The patient had a pre-accident history of obsessive compulsive disorder (OCD), which has been associated with brain structural abnormalities. However, the pattern of brain regions commonly affected in patients with OCD (the orbitofrontal cortex, the anterior cingulate cortex, the basal ganglia and the thalamus) did not match the pattern found in this patient. Furthermore, the persistent and relatively rapid rate of volume decrease (e.g. 3% per year in the right cerebral white matter) was much more consistent with the effects of recent trauma than with the effects of OCD which had existed for 22 years. For example, if his white matter had decreased at a rate of 3% per year for 22 years, he would have lost most of his white matter and, if he survived, his brain structure would have been severely abnormal on post-accident testing, which it was not.

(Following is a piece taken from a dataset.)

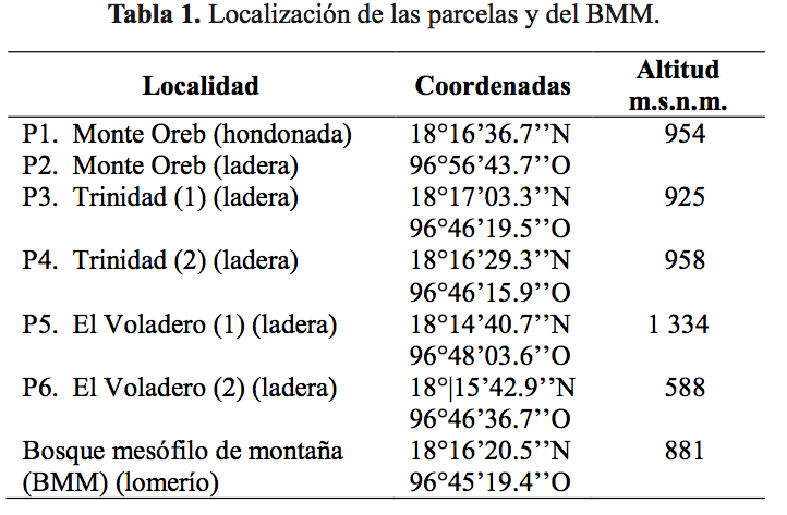 El bosque mesófilo de montaña (BMM) en México ocupa menos del 1% del territorio nacional, siendo el tipo de vegetación de menor superficie a nivel mundial debido a que sus condiciones climáticas se encuentran en zonas restringidas, por lo que su distribución es limitada y fragmentaria. Se localiza a lo largo de la vertiente este de la Sierra Madre Oriental, desde el sur de Tamaulipas hasta el norte de Oaxaca y en algunas áreas del Macizo Central y la Sierra Madre de Chiapas (Rzedowski, 1981). De acuerdo a CONABIO (2010) se tiene un área de 8 809 km2 de la cual alrededor del 50% ha tenido cambios de uso del suelo.
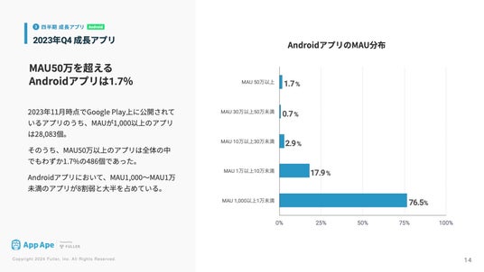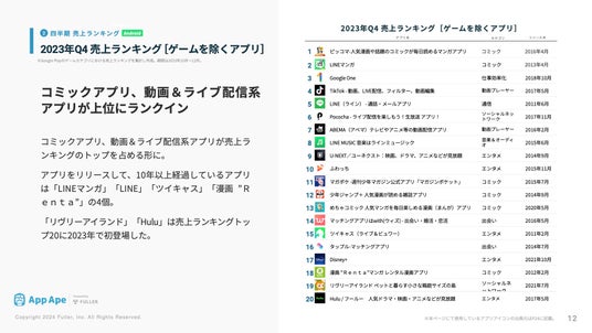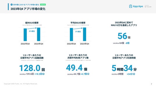 フラー株式会社(本社:新潟県新潟市、代表取締役:渋谷修太、山崎将司、以下「フラー」)は、アプリ分析サービス「App Ape(アップ・エイプ)」で蓄積するデータをもとに、アプリ市場の変化や急成長したアプリを調査した「四半期アプリ市場レポート2023年Q4編」を公開しました。

The finding of signs of old bleeding on SWI added important objective confirmatory evidence that this patient suffered a TBI and reduced the chance that the progressive atrophy found was due to some non-accident-related source (including OCD). However, the signs of old bleeding did not indicate an active brain problem, because the bleeding had long since resolved; in contrast, the progressive atrophy did indicate an active problem, which was concerning, in part because progressive atrophy has been found to correlate with poor outcome, including decreased ability to return to work or normal family relationships [3],[4]. Furthermore, it was particularly concerning that this patient with mild TBI showed progressive atrophy a relatively long time (4 years) after the accident; a previous group study of patients with mild TBI similarly found progressive atrophy up to a few years after the accident. This finding again raises questions, such as when does atrophy stop progressing in patients with TBI?

Declaration of interest: The authors report no conflicts of interest, including no financial interests or investments with CorTechs Labs®, maker of NeuroQuant®.